→ **Items from a dataset**
###
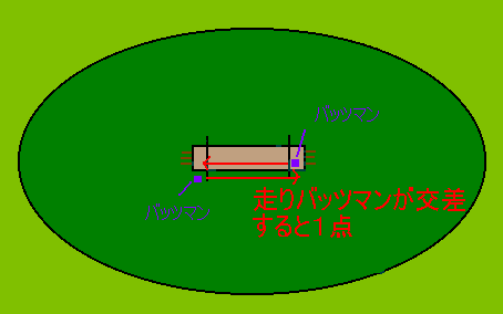 バッツマンの打った球がフィールダーをとおり抜けた際に,ストライカーとノン・ストライカーの2人のバッツマンがそれぞれ元にいた位置と反対のウィケットにランニングで到達すると1点。
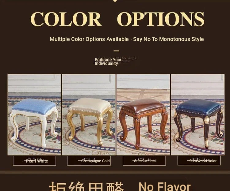 European Style Solid Wood Guzheng Stool - Versatile Low Bench for Sofa, Dressing Table, Coffee Table, and Home Use. Perfect for American-Style Makeup and Entryway Shoe Changes.
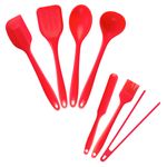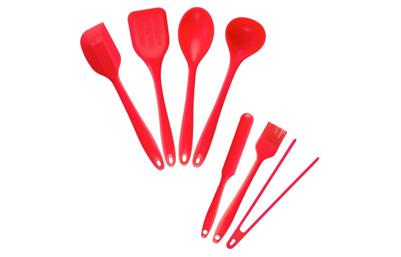 Esse é o kit de utensílios de silicone na cor vermelho da marca oikos composto por 07 peças.
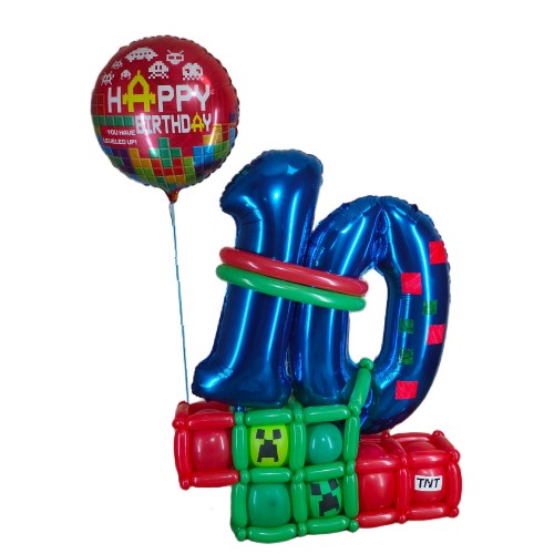 - Цифра 10 з кульок Minecraft, висота — 100 см, ширина — 100 см
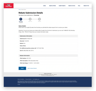 The purpose of this rebate portal for Pep Boys was to provide an online way to submit rebates. After consumers have bought specific products that qualifies for a rebate, they would come to the portal and enter their purchase information from their receipt, select the specific rebate, answer a few questions, and claim their rebate. The consumer was also able to print PDF rebate forms for a mail-in option and can check the status of their rebate via the website too.
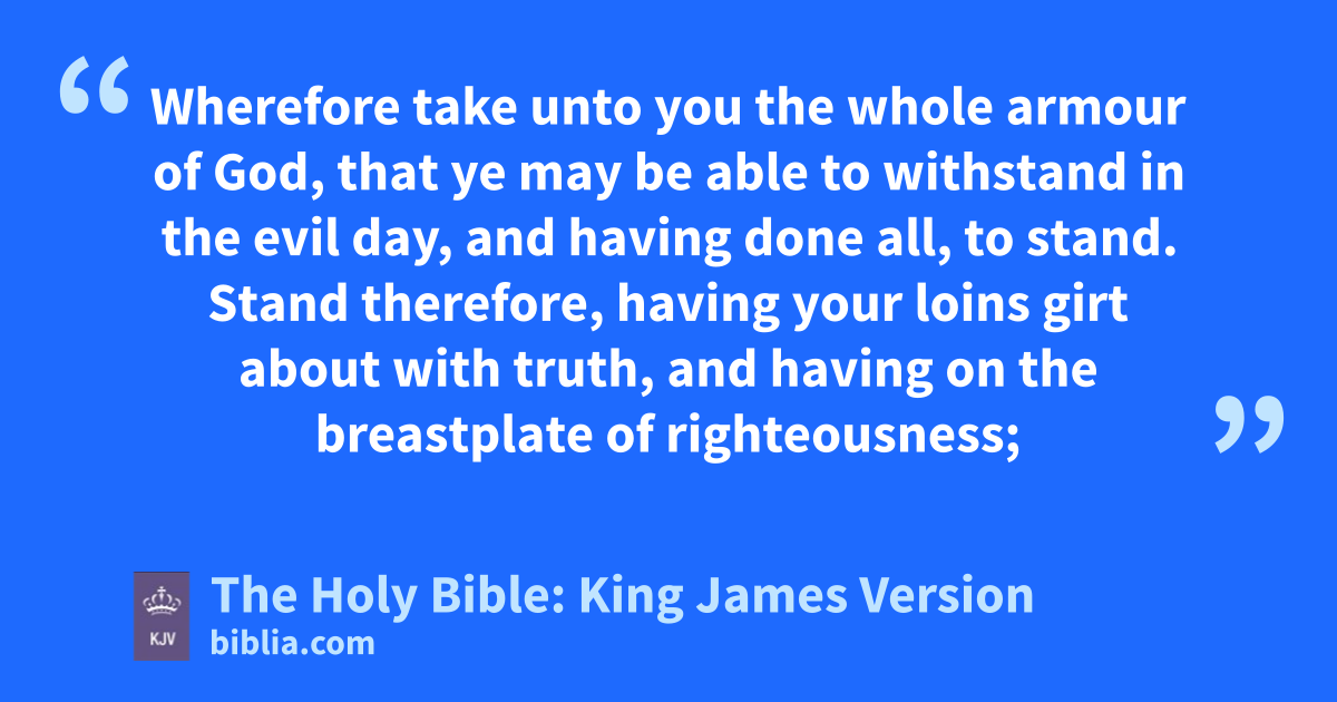 10 Finally, my brethren, be strong in the Lord, and in the power of his might. 11 Put on the whole armour of God, that ye may be able to stand against the wiles of the devil. 12 For we wrestle not against fleshb and blood, but against principalities, against powers, against the rulers of the darkness of this world, against spiritual wickedness in high places. 13 Wherefore take unto you the whole armour of God, that ye may be able to withstand in the evil day, and having done all, to stand. 14 Stand therefore, having your loins girt about with truth, and having on the breastplate of righteousness; 15 And your feet shod with the preparation of the gospel of peace; 16 Above all, taking the shield of faith, wherewith ye shall be able to quench all the fiery darts of the wicked. 17 And take the helmet of salvation, and the sword of the Spirit, which is the word of God: 18 Praying always with all prayer and supplication in the Spirit, and watching thereunto with all perseverance and supplication for all saints;
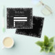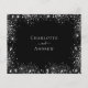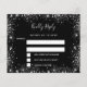 Um fundo preto chique. Decorado com brilho prateado falso, faíscas. Personalize e adicione a data de resposta e seus nomes.
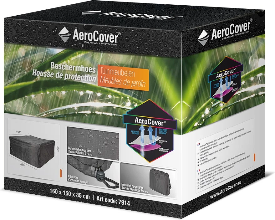 Aerocover beschermhoezen zijn waterbestendig. De Aerocover stof is waterdicht, de naden zijn spatwaterbestendig. De naden aan de bovenzijden van Aerocover tuinmeubelhoezen zijn afgedicht met waterdichte tape om doorsijpelen tegen te gaan. De naden kunnen echter nooit 100% waterdicht gemaakt worden. Zorg ervoor dat je voldoende ventilatie creëert zodat de hoes kan ademen.
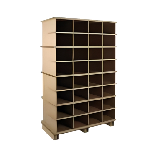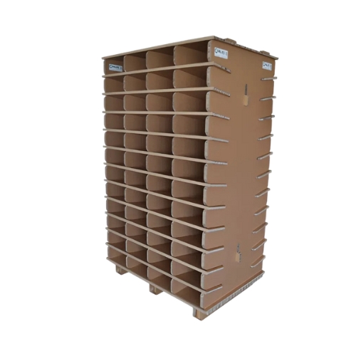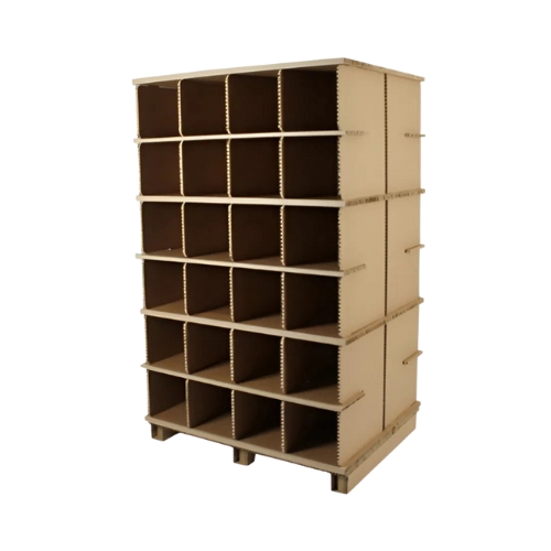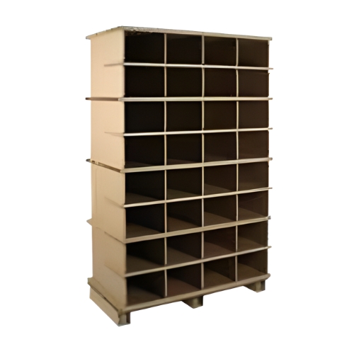 Durable paper board constructed using honeycomb cell technology results in pick-faces that are strong enough to hold up to 1100 lbs in each PALLITE PIX storage unit
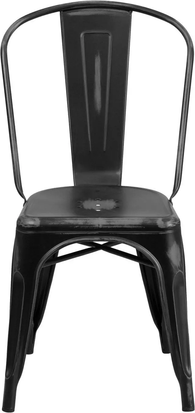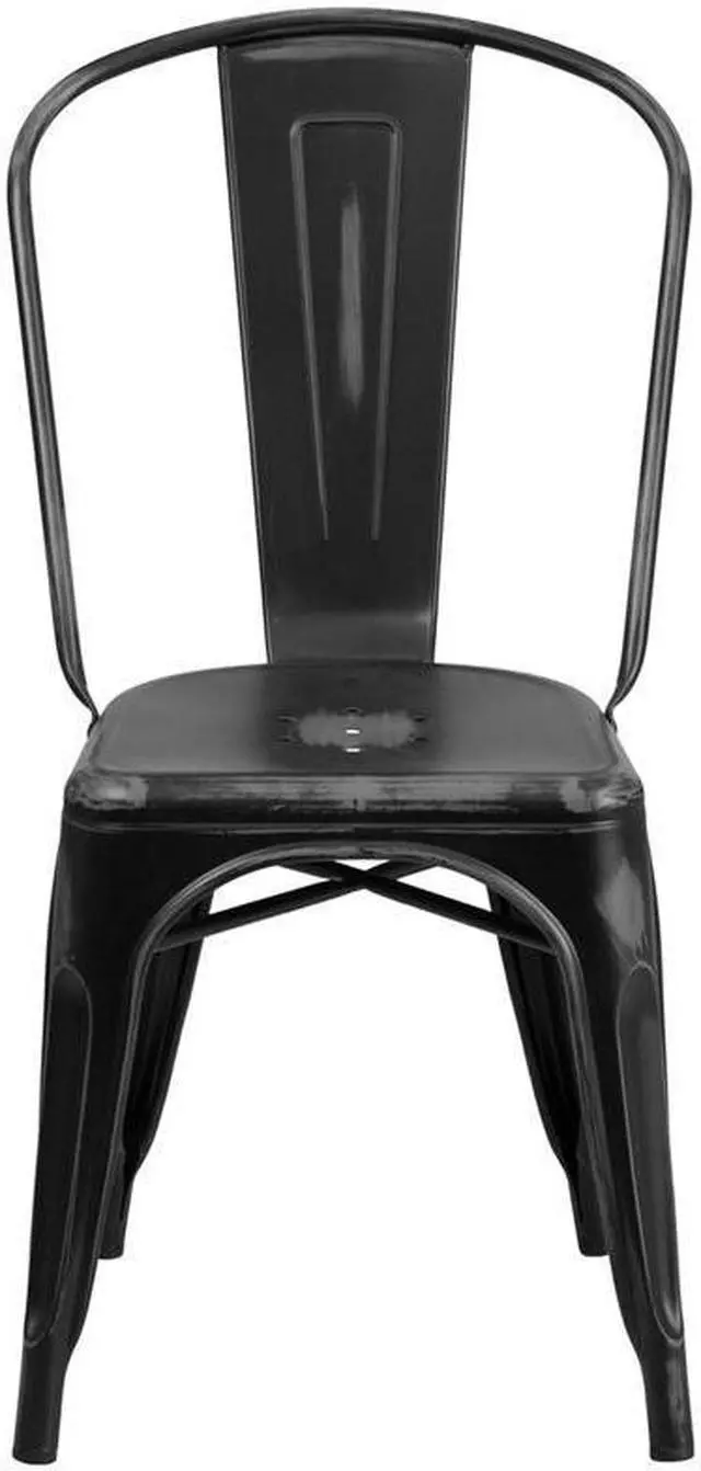 The distressed metal chair features a curved back with a vertical slat along with a stabilizing cross brace. Your colorful dining chair will last longer thanks to the plastic bumper guards that protect the chairs' finish when stacked. While being used outside on the deck, pool or patio, you'll be delighted to find that these outdoor stacking chairs include drain holes to prevent pooling in the center of the seat. This translates to quicker seating turnaround times in your busy establishment. This trend-setting indoor outdoor dining chair will make a great addition to your kitchen, dining room or restaurant.
###
→ **To do**
Omitting all pictures, restate word for word the lines from the one containing "Um fundo preto" through the last line of the data.

→ **Answer section**
 Um fundo preto chique. Decorado com brilho prateado falso, faíscas. Personalize e adicione a data de resposta e seus nomes.
 Aerocover beschermhoezen zijn waterbestendig. De Aerocover stof is waterdicht, de naden zijn spatwaterbestendig. De naden aan de bovenzijden van Aerocover tuinmeubelhoezen zijn afgedicht met waterdichte tape om doorsijpelen tegen te gaan. De naden kunnen echter nooit 100% waterdicht gemaakt worden. Zorg ervoor dat je voldoende ventilatie creëert zodat de hoes kan ademen.
 Durable paper board constructed using honeycomb cell technology results in pick-faces that are strong enough to hold up to 1100 lbs in each PALLITE PIX storage unit
 The distressed metal chair features a curved back with a vertical slat along with a stabilizing cross brace. Your colorful dining chair will last longer thanks to the plastic bumper guards that protect the chairs' finish when stacked. While being used outside on the deck, pool or patio, you'll be delighted to find that these outdoor stacking chairs include drain holes to prevent pooling in the center of the seat. This translates to quicker seating turnaround times in your busy establishment. This trend-setting indoor outdoor dining chair will make a great addition to your kitchen, dining room or restaurant.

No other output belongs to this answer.